И тут мы снова возвращаемся к «Шествию волхвов в Вифлеем». То, что Козимо изображен в виде кающегося грешника в стороне от центра, но при этом его окружают люди влиятельные и обладающие властью, явно доказывает его желание произвести на зрителей определенное впечатление. Козимо хотел представить себя скромным человеком, который тем не менее находится в центре почти случайной паутины политических, интеллектуальных и финансовых связей.
Козимо можно считать личностью особо выдающейся в этом отношении. Но и торговые банкиры гораздо более скромных масштабов тоже испытывали аналогичное желание использовать искусство для демонстрации политических связей. Семейные капеллы стали идеальной площадкой для такого искусства лицемерия. Флоренция буквально битком набита примерами этого. Наиболее пристального рассмотрения заслуживают три работы, за каждой из которых стоит мрачная политическая драма.

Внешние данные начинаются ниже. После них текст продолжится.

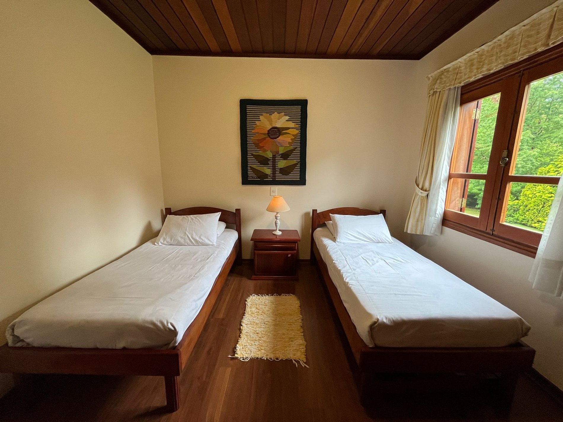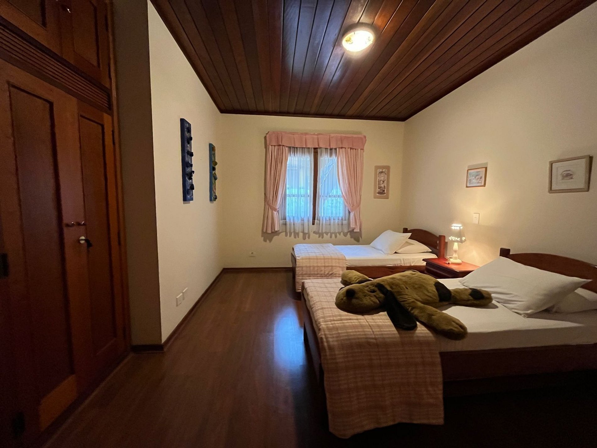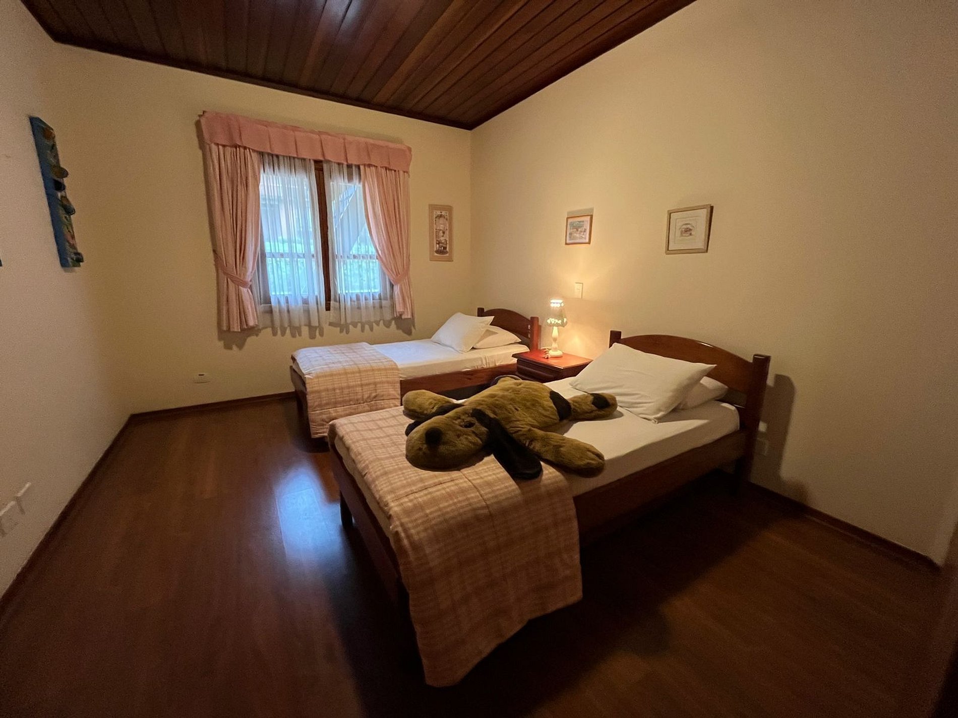 No andar de baixo temos mais uma suíte com cama de casal e mais dois quartos com 2 camas de solteiro e um banheiro.

Фреска Филиппино Липпи «Воскрешение сына Теофила и интронизация святого Петра» в капелле Бранкаччи в церкви Санта-Мария дель Кармине [ил. 20] является не столько изображением религиозной сцены, сколько визуальным выражением властной динамики во Флоренции эпохи Ренессанса. Меценат Феличе ди Микеле Бранкаччи был процветающим торговцем шелком. Одним из морских консулов Флоренции он стал благодаря своему богатству и браку с дочерью Паллы Строцци. Но в то же время он был человеком довольно нервным. Хотя Бранкаччи был очень богат и располагал связями, обеспечивающими ему определенный политический вес, он не был настолько значимым, чтобы не ощущать угрозы из-за серьезных сдвигов, происходивших во флорентийской политике в начале 1420-х гг. Стремясь одновременно и участвовать в политике, и дистанцироваться от нее, он поручил Филиппино Липпи написать фреску, на которой сам Бранкаччи и множество хорошо известных флорентийцев были свидетелями чудесного воскрешения сына Теофила. В толпе можно разглядеть лица не только самого Бранкаччи, но и Колюччо Салютати, поэта Луиджи Пульчи, торговца Пьеро ди Франческо дель Пульезе, Пьеро ди Якопо Гвиччардини (отца Франческо, историка) и Томмазо Содерини (отца Пьеро, позже ставшего пожизненным гонфалоньером Флоренции).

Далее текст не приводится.